2 minute read

A herculean task

Digi-Key brings more than 4,000 employees back to the office in phased approach to determine what the future of work will look like for the electronics supply company; initiates controlled launch of new distribution center

By Andrew Weeks

Thief River Falls, Minnesota-based Digi-Key Electronics has a herculean task – bringing thousands of employees back into the office after working remotely for two years.

It’s a good thing the company, which ships electronics supplies all over the world, is up to the challenge. It couldn’t do it without a plan, and according to Shane Zutz, the company’s vice president of human resources, Digi-Key has a great plan.

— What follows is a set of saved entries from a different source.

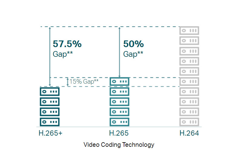 H.265+: Chuẩn nén thế hệ mới, giảm dung lượng ổ đĩa cần sử dụng mà vẫn giữ chi tiết rõ nét của video, giảm tải mạng và giảm chi phí giám sát mà không làm giảm chất lượng hình ảnh.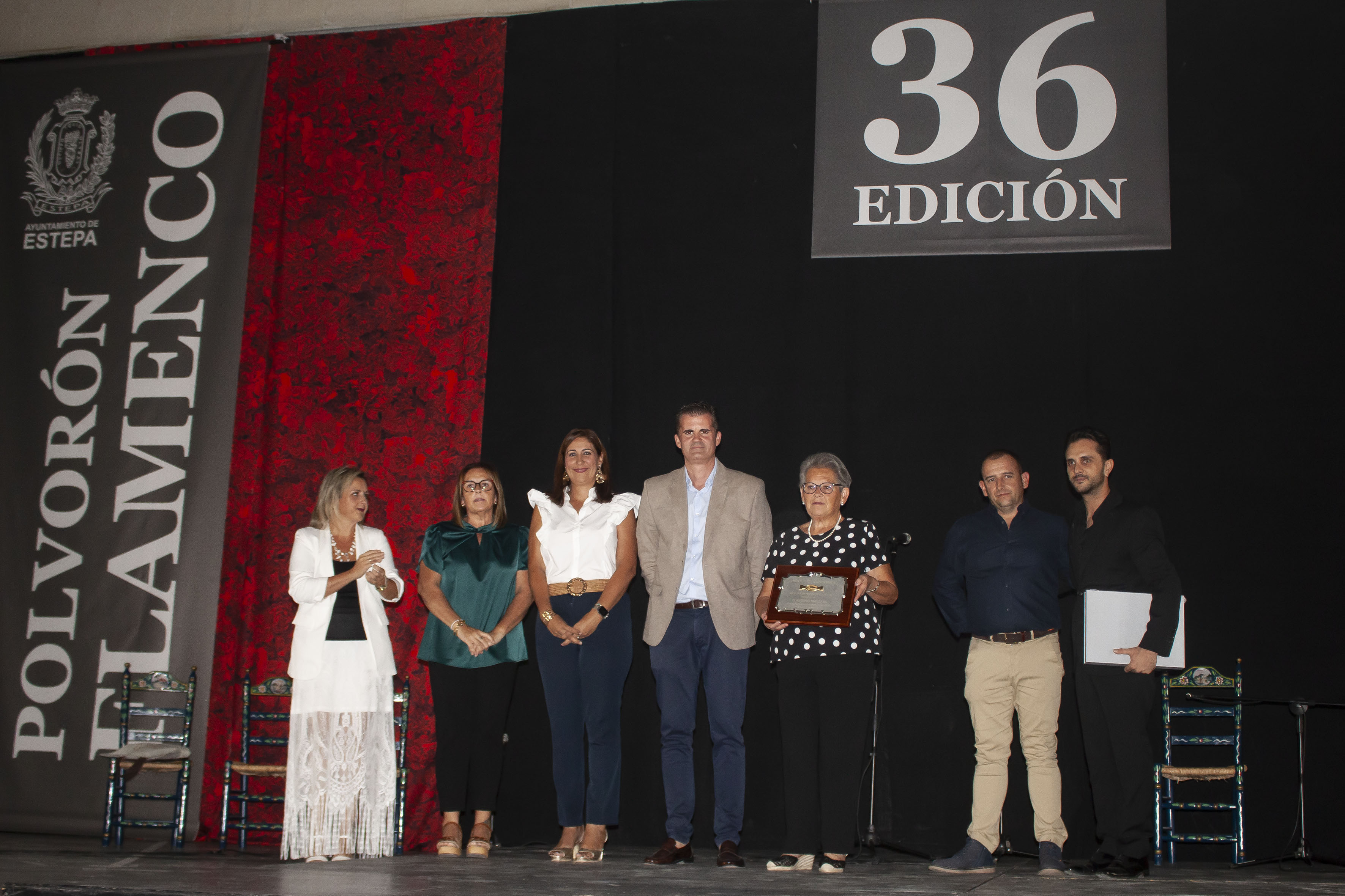El alcalde, Antonio Jesús Muñoz y la concejala de Cultura, Ascen Castillo, han hecho entrega junto al presidente de la peña, Armando Mateos, del distintivo del Polvorón a la familia de Antonio Manzano.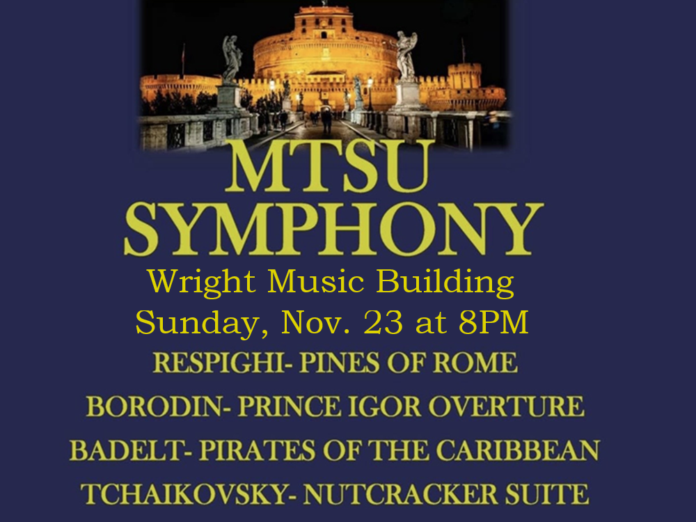Sun. (Nov. 23, 2025) 8PM MTSU Symphony in the Wright Music Building (1439 Faulkinberry Dr.). This concert is part of MTSU’s broader orchestral season, which also includes the High School Honors Orchestra. The concert includes Respighi – Pines of Rome, Borodin – Prince Igor Overture, Badelt – Pirates of the Caribbean, and Tchaikovsky – Nutcracker Suite (Trepak, Dance of the Reed Flutes, Waltz of the Flowers). Admission is FREE.

Zutz said Digi-Key has around 5,100 employees worldwide, with most of them – about 4,400 – just in Thief River Falls. With so many employees in one location, the company has found the best way to bring employees back into the office is with a phased approach. But even so, he said, it will continue to be a hybrid work environment – one of the things the pandemic changed for many companies, no matter their size.

“We’re less concerned about where the work is done” because employees have proven “they can get the work done remotely,” Zutz said. “But what we feel we’ve lost by being fully remote, except for our distribution center, is the connection that helped our company really build on a sense of community and some of that high-level collaboration. That really just takes place when you’re in the workplace.”

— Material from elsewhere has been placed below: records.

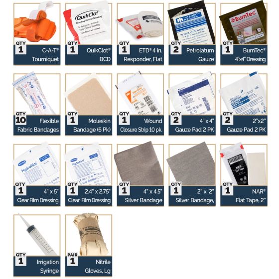 - 1 x QuickClot™ Bleeding Control Bandage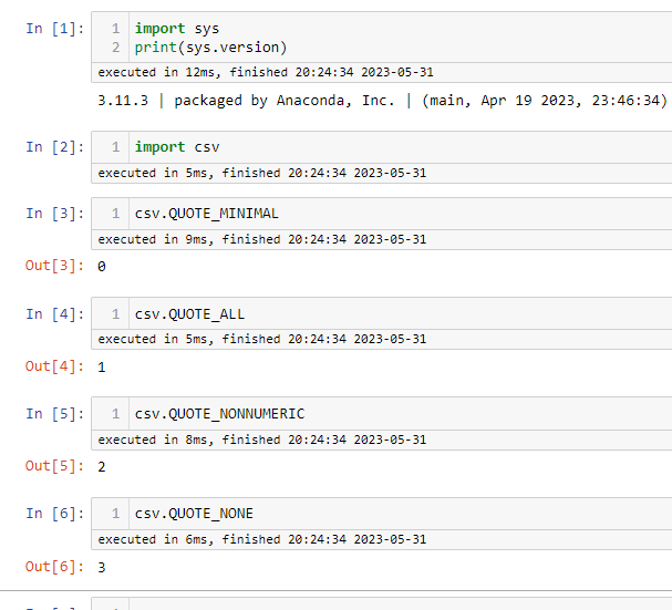 指示writer对象为所有非数字字段加上引号 指示reader将所有未用引号引出的字段转换为 float 类型 - csv.QUOTE_NONE,等于3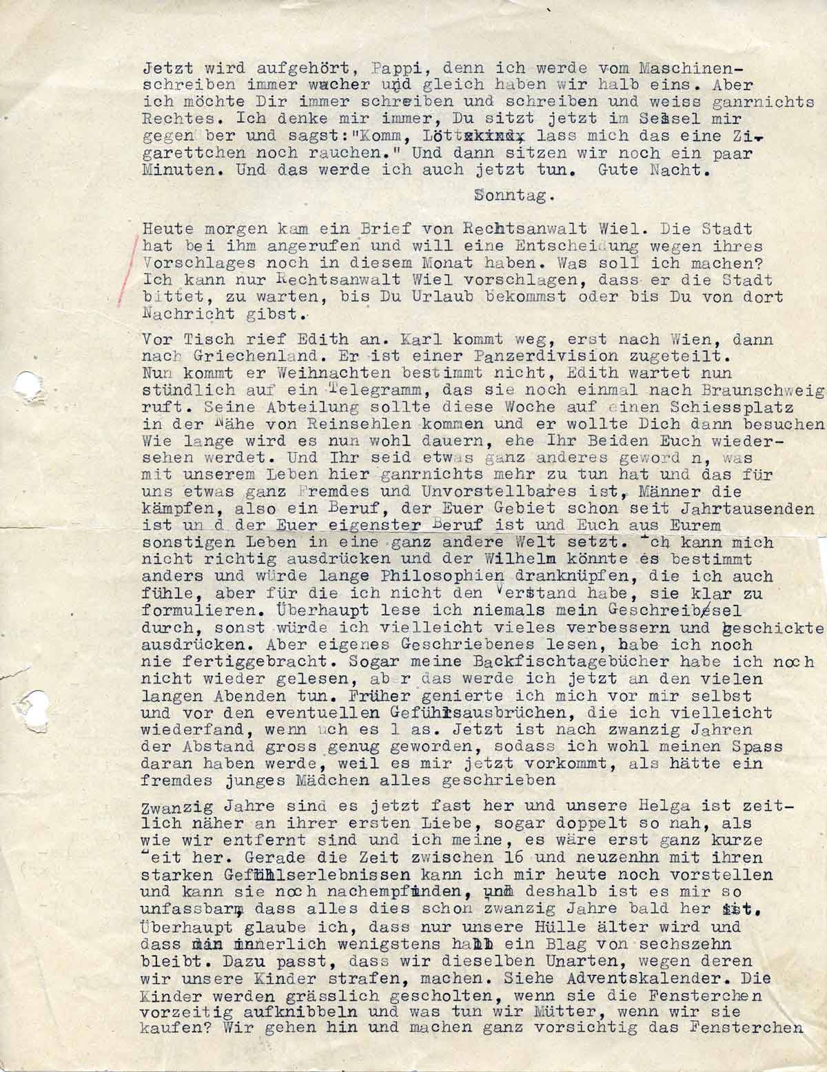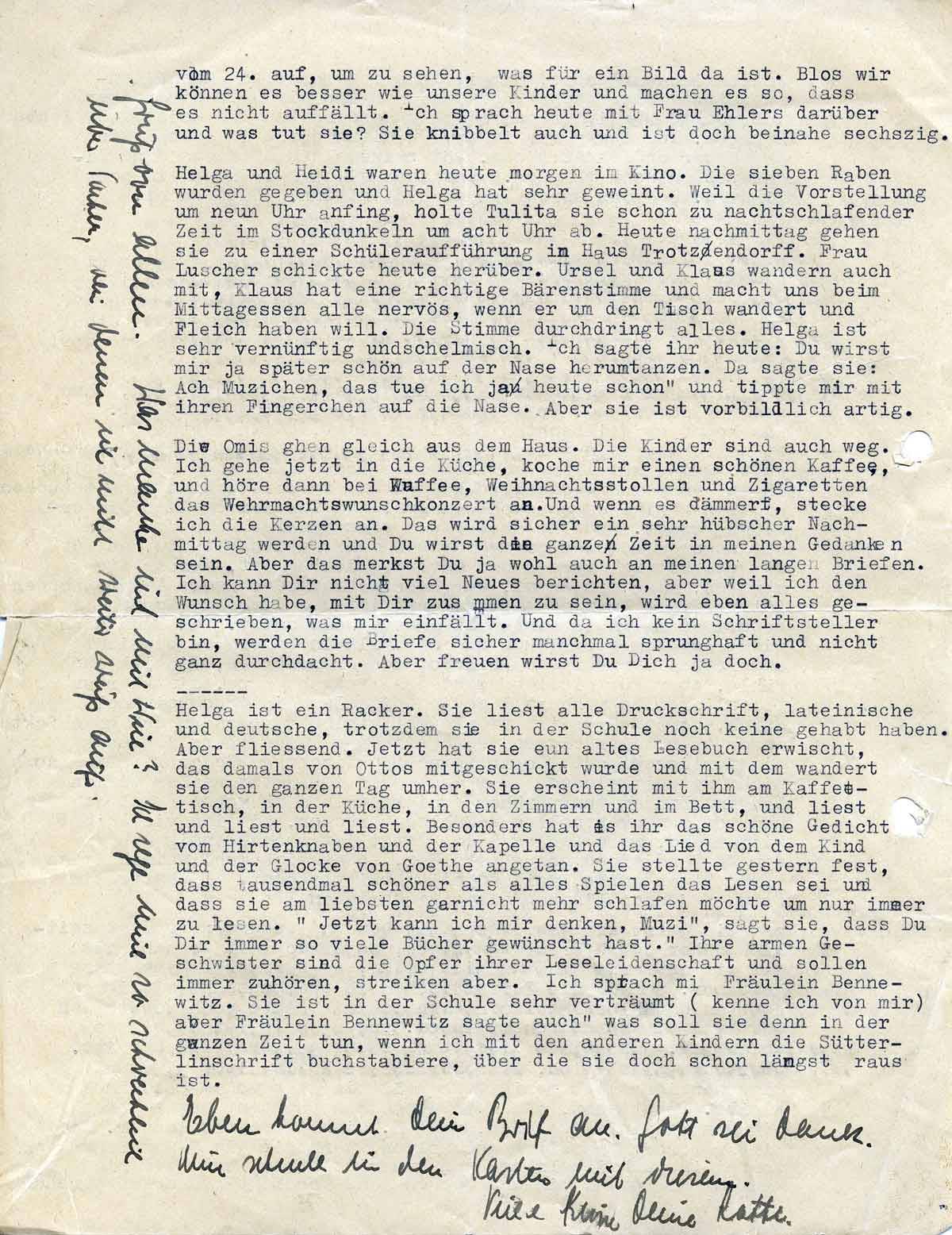 Die Omis gehen gleich aus dem Haus. Die Kinder sind auch weg. Ich gehe jetzt in die Küche, koche mir einen schönen Kaffee und höre dann bei Kaffee, Weihnachtsstollen und Zigaretten das Wehrmachtswunschkonzert. Und wenn es dämmert, stecke ich die Kerzen an. Das wird sicher ein sehr hübscher Nachmittag, und Du wirst die ganze Zeit in meinen Gedanken sein. Aber das merkst Du ja wohl auch an meinen langen Briefen. Ich kann Dir nicht viel Neues berichten, aber weil ich den Wunsch habe, mit Dir zusammen zu sein, wird eben alles geschrieben, was mir einfällt, und da ich kein Schreibtalent habe, werden die Briefe sicher manchmal sprunghaft und nicht ganz durchdacht. Aber freuen wirst Du dich doch.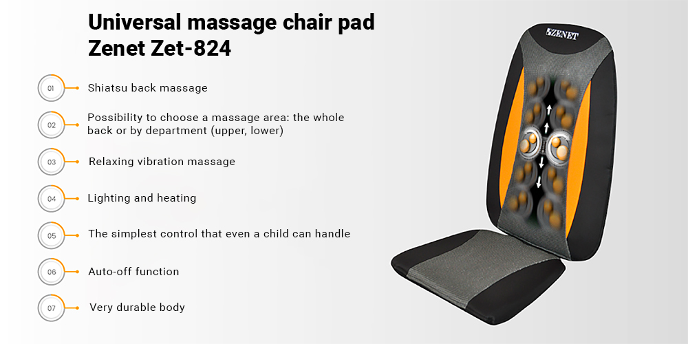 This model has a frame high back, which allows you to use the massager pad on any sofa, chair with a low back, car seat or armchair. We recommend buying a massager Zenet ZET-824 universal and enjoy a wellness massage.

Zutz said the best way the company has found to reintroduce employees to the office is in phases which it started to do earlier this year by first bringing its management team back into the office. Next, in April and May, it had employees return to the office for five days a month. In June and July it will have them come into the office for 10 days a month. Employees will rotate days so not all are in the office at the same time.

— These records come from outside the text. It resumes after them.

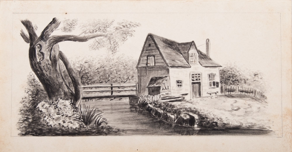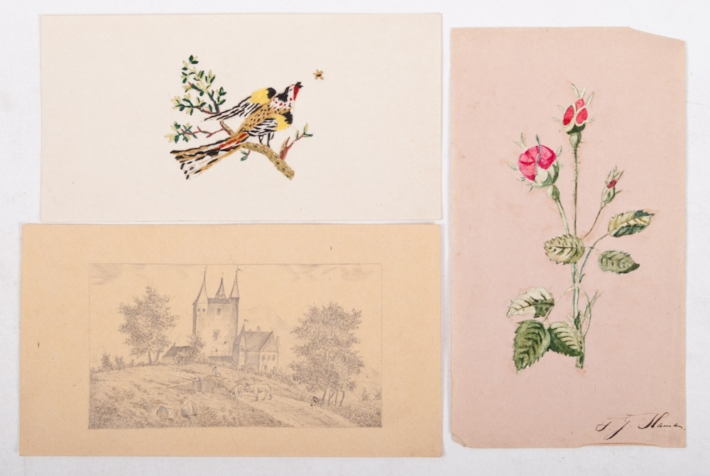 Embroideries, drawings, watercolours and a text, total 16 x.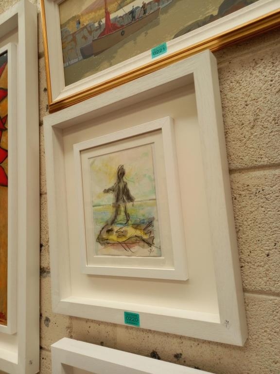 John Kingerlee "Man and Fish" Monogrammed Mixed Media on Paper (Framed 53cm x 48cm)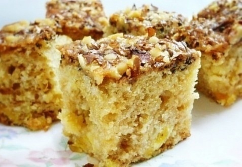 Всю эту массу необходимо хорошо перемешать и выложить на противень, предварительно застелив его кондитерской бумагой, пропитанной растительным маслом. Готовится пирог в течение 40 минут. Готовность проверить деревянной иглой.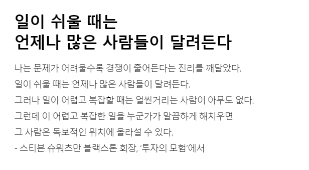 남들이 보지 못하는 것, 어려워보여서 뛰어들 엄두를 내지 못하는 것들을 찾아내

“We’re using (the phased approach) as a kind of testing ground to help us understand what our true future of work will be,” Zutz said. “We know we’re going to be hybrid, but how are we going to operate in that hybrid environment?” He said at this point there remains a lot of unknowns: “Are we going to have schedules that are static or flexible so employees can come in on the days that work best for them? Is it a combination?”

The company will be finding answers to these and other questions over the next several months.

Zutz said the company also is revamping space to make the work environment more conducive to a post-pandemic environment, and it is ramping up the services of its expanded distribution center, which was completed in April 2021.

‘Like a Bank’

Digi-Key has locations in China, Germany, Israel, Japan, Netherlands, and two in Minnesota, including Bloomington, Zutz said. It also has distribution operations across the state line in Fargo, North Dakota. But its headquarters is in Thief River Falls, the hub where most of the activity takes place.

Much of that activity is at its Product Distribution Center, which recently completed a massive expansion – some 2.2 million additional square feet of multi-story space. Formerly, the center was roughly 800,000 square feet.

Three-million square feet – that’s a lot of space.

The building, built by McShane Construction Co., is large enough to fit 22 football fields and includes shipping and receiving docks and airlocks, multiple breakrooms, employee engagement areas and site walkways to encourage fitness. A steel bridge connects the expansion to the company’s current headquarters.

“We’ve grown so exponentially that we had to design and build a new distribution system,” Zutz said, noting the facility is approaching its launch in phases.